On April 6, 2016, the U.S. Department of Labor (DOL) released its final rule defining who is a fiduciary in connection with investment advice that is provided to benefit plans subject to the Employee Retirement Income Security Act of 1974, as amended (ERISA). The new rule is currently scheduled to become effective on April 10, 2017. Only employer-sponsored retirement accounts such as 401(k)s, defined benefit plans and certain types of individual retirement accounts (IRAs) are subject to the rule change because these accounts are under the authority of the DOL. Broker-dealers providing services to all other types of investment accounts, including traditional and Roth IRAs, would generally not be deemed fiduciaries, but would remain subject to the suitability requirements set forth in FINRA rules and SEC cases. Investment advisers are deemed fiduciaries with respect to all managed accounts.
Under the current fiduciary standard, a person is considered a fiduciary only if he or she provides investment advice on a regular basis pursuant to a mutual agreement, arrangement or understanding that is the primary basis for investment decisions and is individualized for the particular needs of the retirement investor. Under the new rule, the requirements that the investment advice (i) be given on a regular basis; (ii) be pursuant to a mutual agreement, arrangement or understanding; and (iii) be the primary basis for investment decisions are each removed. The new rule also expands the definition of investment advice to include any communication that could be reasonably viewed as a suggestion that the client take a certain action or refrain from taking a certain action in relation to a security or investment strategy.
A fiduciary under a plan subject to ERISA is required to give investment advice to the client or plan with the care, skill, prudence and diligence under the circumstances then prevailing that a prudent person acting in a like capacity and familiar with such matters would use. A determination that an investment is suitable for a particular client or plan is not sufficient for a fiduciary providing investment advice. Additionally, a fiduciary providing investment advice cannot cause itself or any of its affiliates to receive commission or transaction-based compensation unless there is an available exemption.

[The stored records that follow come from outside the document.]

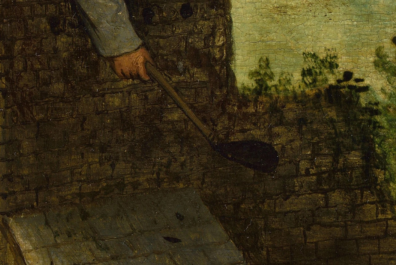 这类故事的真实性到底有多高并不要紧,关键在于画出足以乱真的苍蝇,确实不失为画家的一种真本事。当然,画苍蝇也不全是为了炫技。当画家们考虑它是否可纳入宗教题材的绘画时,就有了不一样的态度。拉斐尔的父亲乔万尼·桑蒂是乌尔比诺公爵的宫廷画家,画出逼真的苍蝇应该不是什么问题,可是,据说,他并不想为了调侃或逗乐以及展示画技,而将苍蝇的细节加在神圣的图像里。如果要把苍蝇加在受难的基督身上,那么,其目的就应该是引起观者对基督的尘世肉身的关注。乔万尼·桑蒂到底画没画过苍蝇,现在已经无从确证了,倒是北方画家布勒格尔给了我们一个特别的例子。在大师笔下,苍蝇竟意想不到地成了讽刺人之愚蠢的一种绝妙道具。在他的名作《尼德兰的寓言》(一五五九年)一画中,有人从一座塔中探出头来,要用蝇拍打死下面茅舍斜屋顶上的苍蝇。重点是,此公一心要一拍下去,同时打死两只苍蝇!从来就难得有所谓的“一石二鸟”,不过是比方而已,可是,还真没有听说过“一拍二蝇”。可惜,摄影配图总是在再现那些微小细节时难以差强人意,唯有亲睹大师的原作,才会有看得真切时的无上惬意。
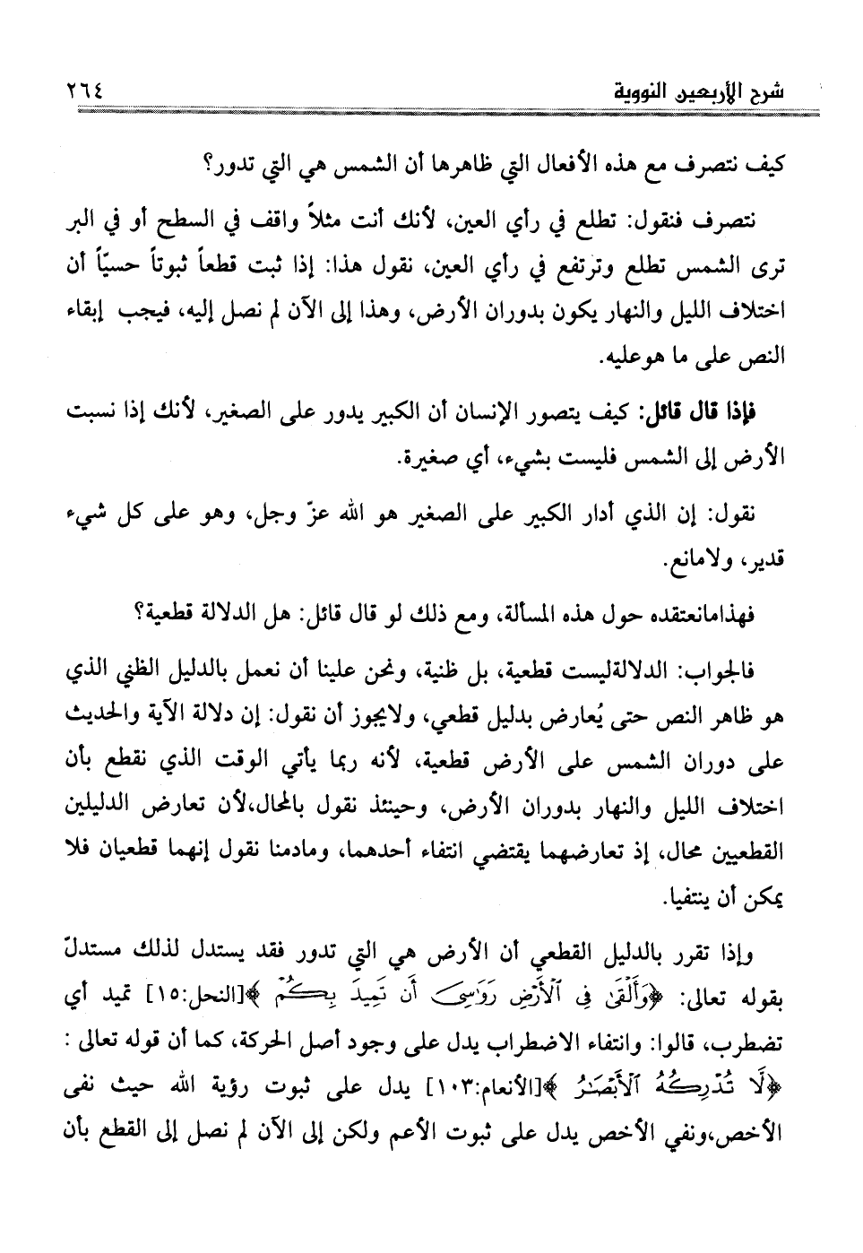 نتصرف فنقول: تطلع في رأي العين، لأنك أنت مثلاً واقف في السطح أو في البر ترى الشمس تطلع وترتفع في رأي العين، نقول هذا: إذا ثبت قطعاً ثبوتاً حسيّاً أن اختلاف الليل والنهار يكون بدوران الأرض، وهذا إلى الآن لم نصل إليه، فيجب إبقاء النص على ما هوعليه.
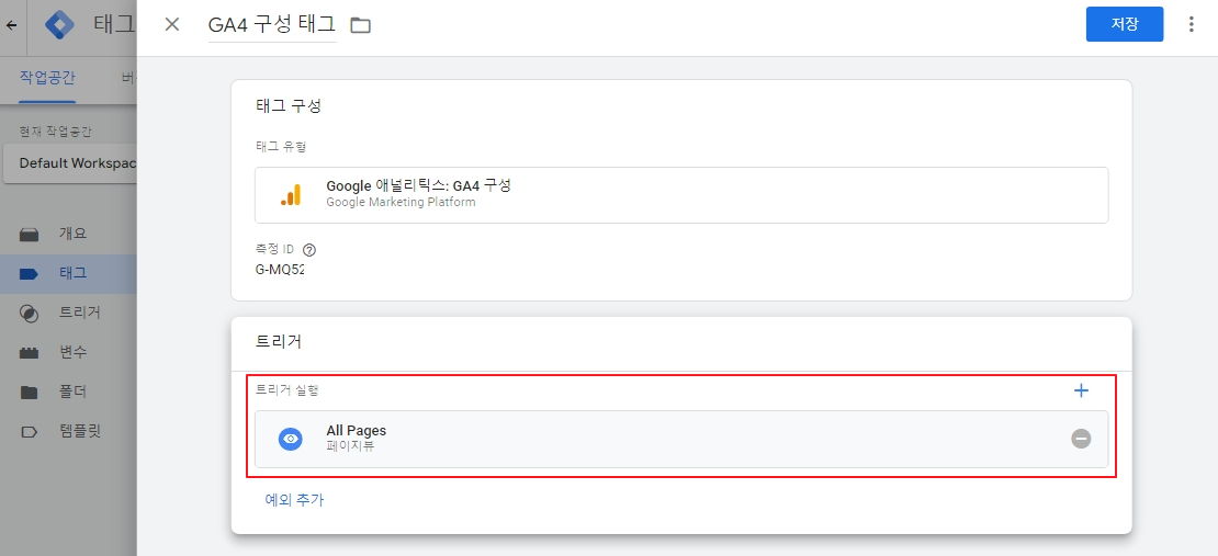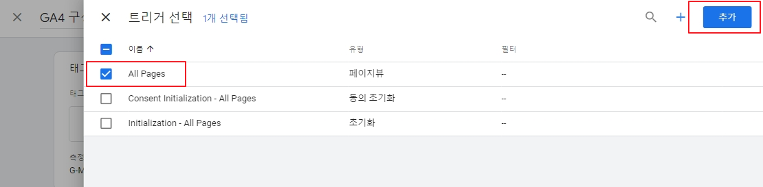 그 아래 '트리거'를 클릭하여 이 태그가 언제 작동할지 선택합니다. 저는 모든 페이지에서 읽힐 수 있도록 All Page로 선택했습니다. '추가' 버튼을 눌러주세요
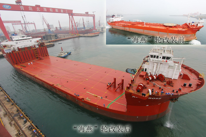“海燕”輪由穿梭油輪改裝成半潛式重吊運(yùn)輸船項(xiàng)目,在北海尚屬首例,其工程和工程難度相當(dāng)于建一艘新船。該輪于2014年6月11日進(jìn)廠,2015年6月27日至30日成功試航,7月9日至10日成功完成深水下潛試驗(yàn)(下潛21.5米),7月14日順利交付。在廠改裝期間,“海燕”輪共經(jīng)歷了6次進(jìn)塢,將船體縮短了60米,船艏增加了駕駛樓;改裝拆除舊管系2萬米,新加壓載、掃倉、透氣管系近900噸;割除分解舊鋼板7500多噸,預(yù)制、搭載新分段8200多噸;原船及新建壓載艙特涂工程14萬平方米;艏部新加駕駛樓及艉部新加船員房間內(nèi)部舾裝,共敷設(shè)電纜19萬米;安裝艏部駕駛臺各類通導(dǎo)、通信設(shè)備設(shè)施,并完成電氣設(shè)備的調(diào)試工作。船東評價(jià)“海燕”輪改裝狀況非常好,并表達(dá)了今后繼續(xù)合作的意愿。DNV船級社代表認(rèn)為改裝后的新船基本滿足了設(shè)計(jì)要求。尤其是船首增加了駕駛樓,實(shí)現(xiàn)了艏艉都能操縱開船,實(shí)屬罕見。包括變距槳、艏艉側(cè)推、貝克舵、導(dǎo)流罩在內(nèi)的船舶推進(jìn)系統(tǒng)經(jīng)改造后功能先進(jìn),對調(diào)節(jié)航速、轉(zhuǎn)向和經(jīng)濟(jì)性、效率都有顯著提高。
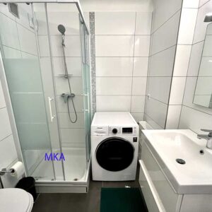 - salle de bains avec douche, vasque et WC et équipée d’un lave-linge/sèche-linge

Exemptions from the new fiduciary rule include (i) the “seller’s exception” which generally carves out investment advice provided to certain sophisticated clients or professionally managed plans, and (ii) the best interest contract exemption (BICE). The proposed BICE as released in 2015 would have strictly excluded transactions involving securities of business development companies. Following the receipt of over 3,000 comment letters, the DOL’s final rule omitted business development companies as a restricted asset class. While this change technically permits all business development companies (and other asset classes) to continue to be used in self-directed IRAs and other benefit plans, the conditions associated with the BICE may specifically limit its practical benefit for business development company investments.
While the BICE does create an avenue for undertaking transactions on a commission or transaction basis with retail retirement clients who would otherwise not qualify for the seller’s exception, the fee disclosure required by 2 Attorney Advertisement the BICE may make it unworkable for broker-dealers that would like to recommend business development company investments. One of the conditions of the BICE requires a relying broker-dealer to provide its client or plan with disclosures regarding the fees charged by the assets sold and purchased by the broker-dealer on behalf of the client or plan. However, when determining fees, business development companies are required by SEC rules to aggregate the amount of total annual fund operating expenses of acquired funds (which are indirectly paid by the business development company) and transaction fees (which are directly paid by the business development company) and express the total amount as a percentage of average net assets of the business development company (this is referred to as “AFFE”). As a result, the AFFE disclosure typically results in overstated expense ratios because a business development company’s indirect expenses required to be included in the calculation of AFFE can often be significantly greater than the direct expenses, and the expense ratios of BDCs can therefore be extremely high. From a practical perspective, broker-dealers relying on the BICE may encounter difficulty justifying fees associated with business development company investments, including associated advisor and administrator fees, to their clients and plans when compared to other similar investments that are not required to include AFFE disclosure. We expect many broker-dealers will simply avoid recommending business development company investments to their clients and plans instead of relying on the technical availability of the BICE.